9日、平壌の金日成政治大学で最高人民会議(国会)第13期代議員選挙の投票を終え、代議員候補者と話す金正恩第1書記(左から2人目)(朝鮮通信= 時事)

 北朝鮮は先月21日、「KN09」と称する300㍉新型多連装ロケットを4発発射したのを皮切りに今月23日までの約1カ月間、断続的にロケット弾やミサイルを発射し続けている。先週から今週にかけては東海岸沿いの元山市に近い葛麻半島から「フロッグ」と呼ばれる射程60㌔~70㌔の短距離ロケット弾を日本海に向け約70発も発射した。北朝鮮がこれだけ集中的に大量のロケット弾を発射したことが確認されるのは異例だ。

 「フロッグ」は1950年代に旧ソ連が開発し、70年代に北朝鮮に導入された旧式武器であるため、ロケット弾大量発射は「“賞味期限”が切れた在庫弾の処理」(情報筋)という側面もありそうだが、例年実施されている米韓合同軍事演習に合わせ、両国を心理的に圧迫する対抗措置だとする見方が多い。先月24日から韓半島有事を想定した指揮系統訓練「キー・リゾルブ」が今月6日まで行われ、これと重複して野外機動訓練「フォール・イーグル」が同じく先月24日に始まり、来月18日まで続く。

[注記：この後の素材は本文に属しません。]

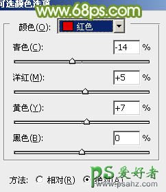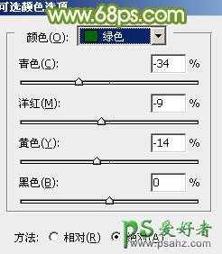 8、创建可选颜色调整图层,对红、黄、绿进行调整,参数设置如图27 - 29,效果如图30。这一步给图片增加黄绿色。
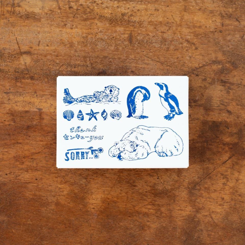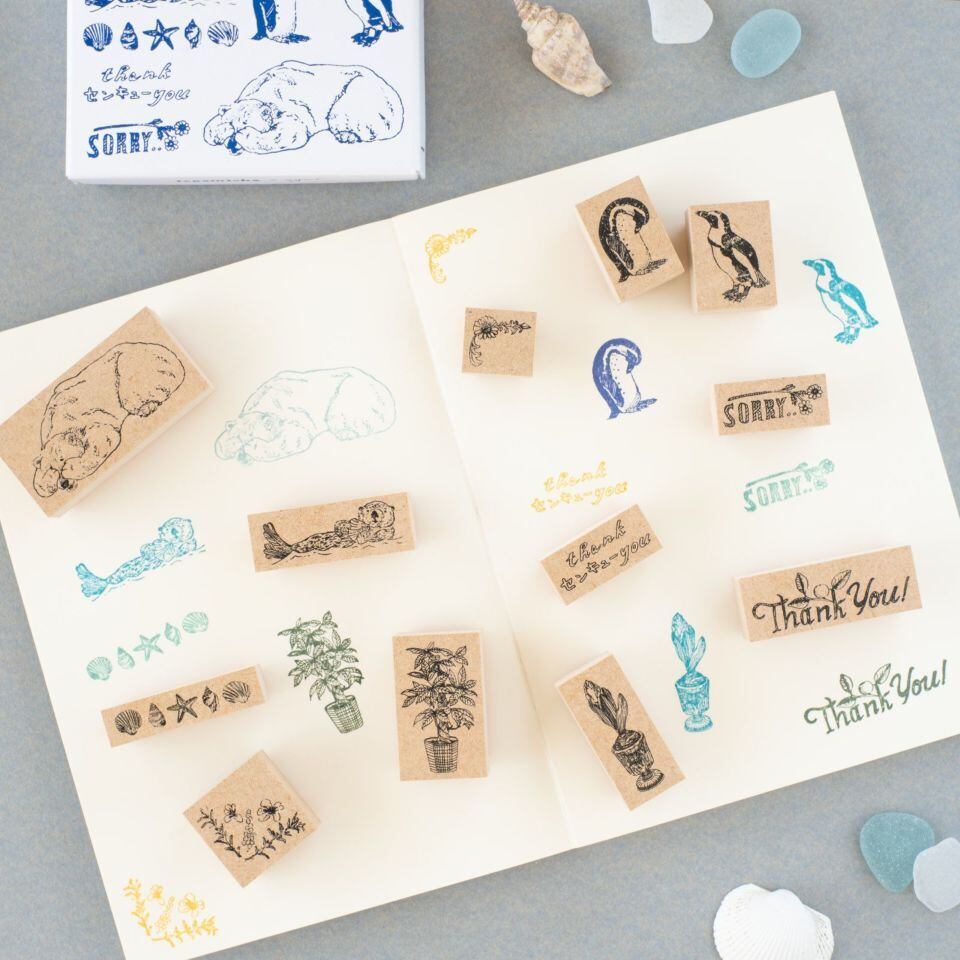 文字スタンプと動物スタンプを組み合わせて押したり、貝殻のスタンプを繋げてフレームのようにしてみたり、ぜひ色々な組み合わせでお楽しみください
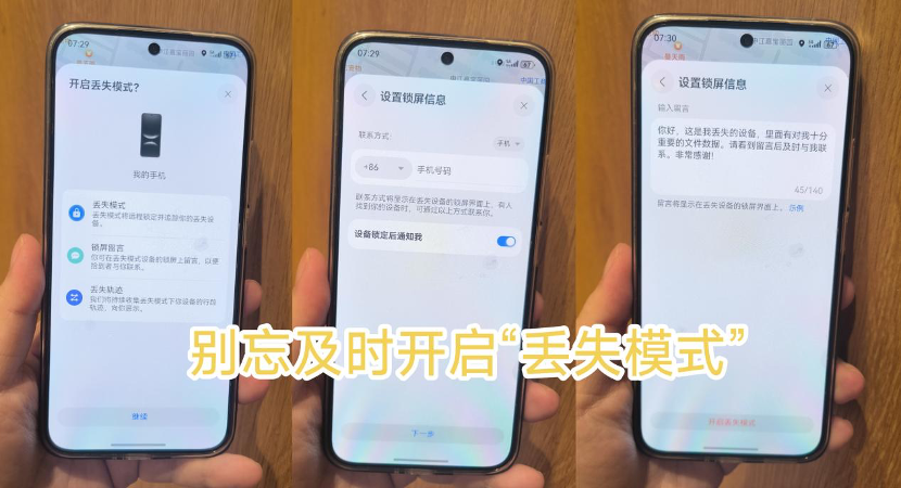 第二招,丢失模式。如果丢的手机距离比较远咋办?不用慌,第一时间开启“丢失模式”,设备直接锁定,锁屏会显示机主的联系信息,还能查看最近24小时的手机移动轨迹。
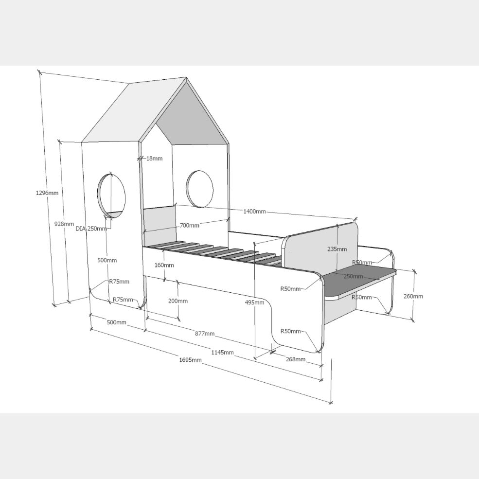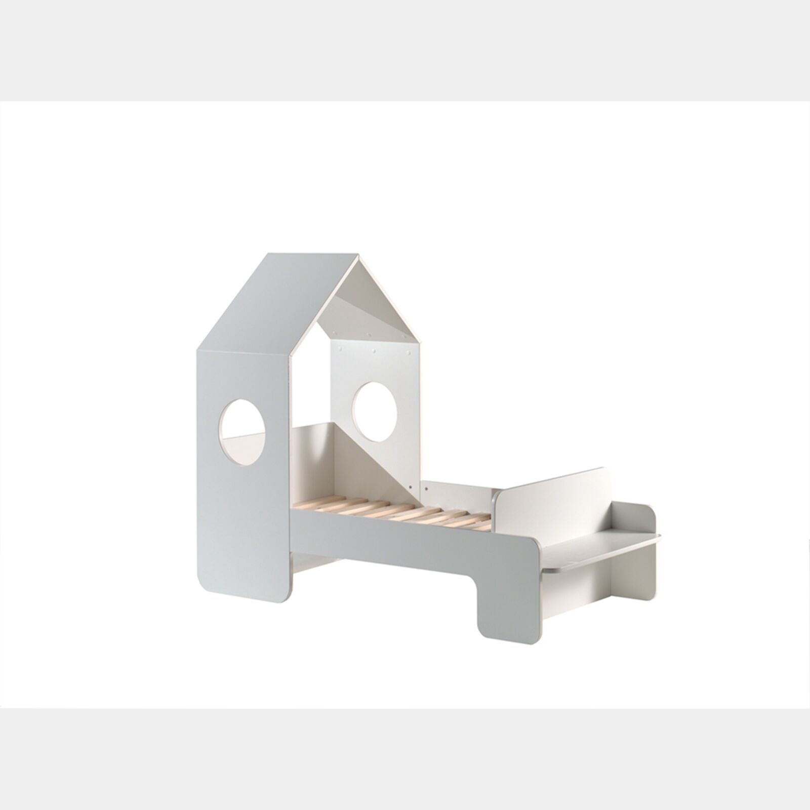Il lettino prima infanzia per bambini presenta una caratteristica testata a tetto con due finestre tonde ai lati e una pratica panchetta per sedersi o posizionare giochi e peluches. La finitura è Bianco laccato, il letto viene fornito con rete a doghe nelle dimensioni di 70x140, è disponibile anche nella versione 90x200.
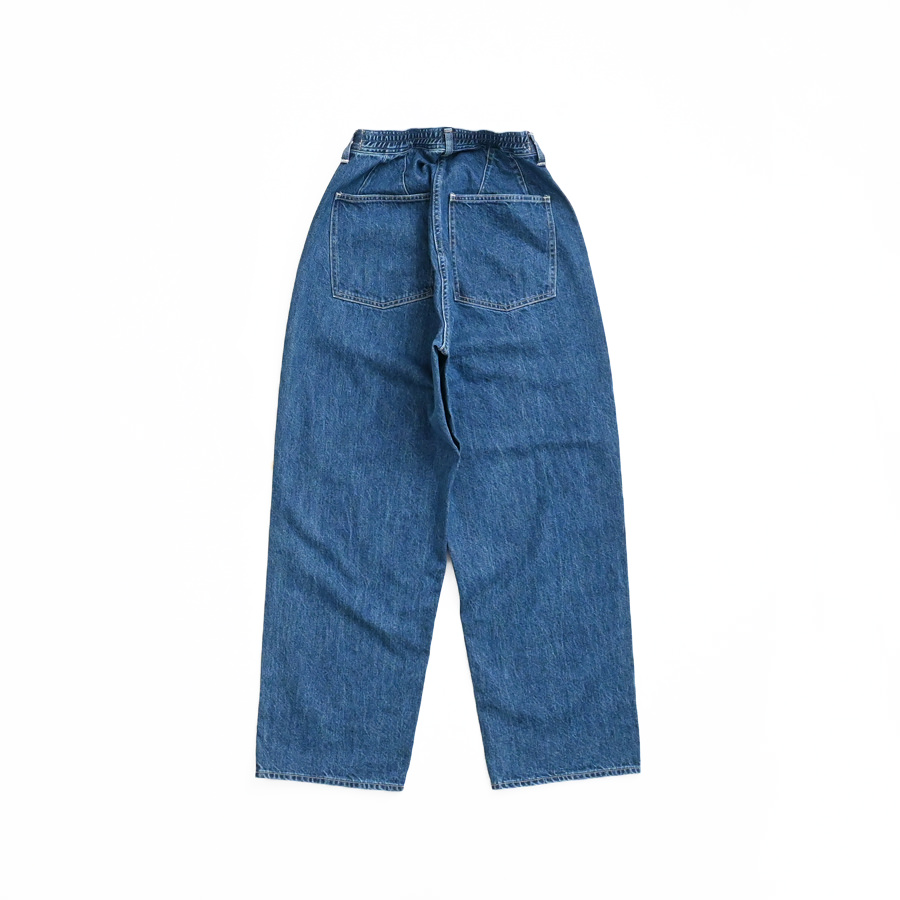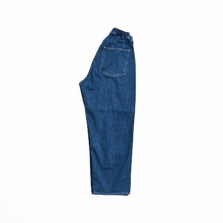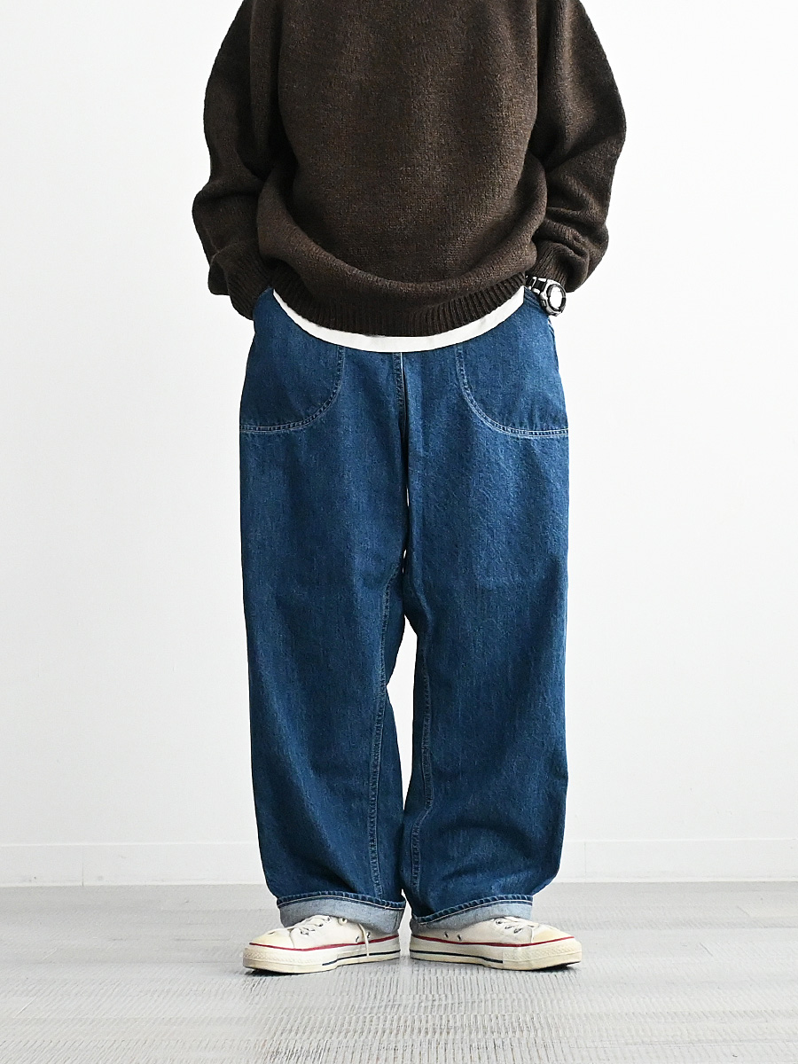 深めの股上と裾に向かって緩くテーパードのかかったシルエットが特徴で、フロント両サイドにはアウトポケット、後ろはパッチポケット付き。

 だが、それだけではなさそうだ。今年は米兵1万人を含む過去最大規模の北朝鮮上陸訓練「双竜訓練」があすから始まる。在韓米軍司令部によると、「双竜」は「災難救助から遠征作戦に至る多様な訓練」で、参加する米・韓・豪の「各国の海兵隊・海軍の上陸能力を練磨する」ことが目的。だが、実際には「(北朝鮮南東部の)元山への上陸を想定し、同市と平壌市を結ぶライン以南の地域の占領が目標」(政府系シンクタンク関係者)のようだ。

 「双竜」の主力部隊である米第3海兵遠征軍は「作戦計画5027」に沿って半島有事に真っ先に展開する増員戦力とされる。また「双竜」は韓国南東部の浦項市一帯で行われるが、地図で見ると浦項市と元山市はその周辺地形が似ているという点で興味深い。

 浦項市は日本海に北東方向にそそり立つようにして伸びる長●(=髪の友を耆に)半島で遮られた迎日湾に接するが、元山市も日本海に北東方向に伸びる葛麻半島などに囲まれる永興湾に接する。在韓米軍司令部は否定しているが、浦項での演習は「元山上陸」の予行演習には地理的条件でピッタリの場所といえる。

 北朝鮮はこの「双竜」に対し「不義の先制攻撃であり、北進を達成するために発狂している」(党機関紙・労働新聞)などと強く反発。韓国メディアによれば、金第1書記も大量発射直前の今月15日、セスナ機で元山を訪問したことが確認されたといい、2日後の17日には金第1書記が直接仕切る形で党中央軍事委拡大会議が開かれたことが報じられた。“最高司令官同志”自ら陣頭指揮を執ったことがうかがえる。

 北朝鮮人民武力部偵察局出身の崔主活・元国家安保戦略研究所責任研究委員は、今回のロケット弾大量発射について「元山では敵(米韓)の侵攻に備え、海上・陸上など段階的にこれを防ぐシナリオに基づく軍事訓練がなされていた。ロケット弾発射はその一環の可能性がある」と述べ、デモや心理的圧迫を超え、実戦レベルの対抗措置に重きを置いた。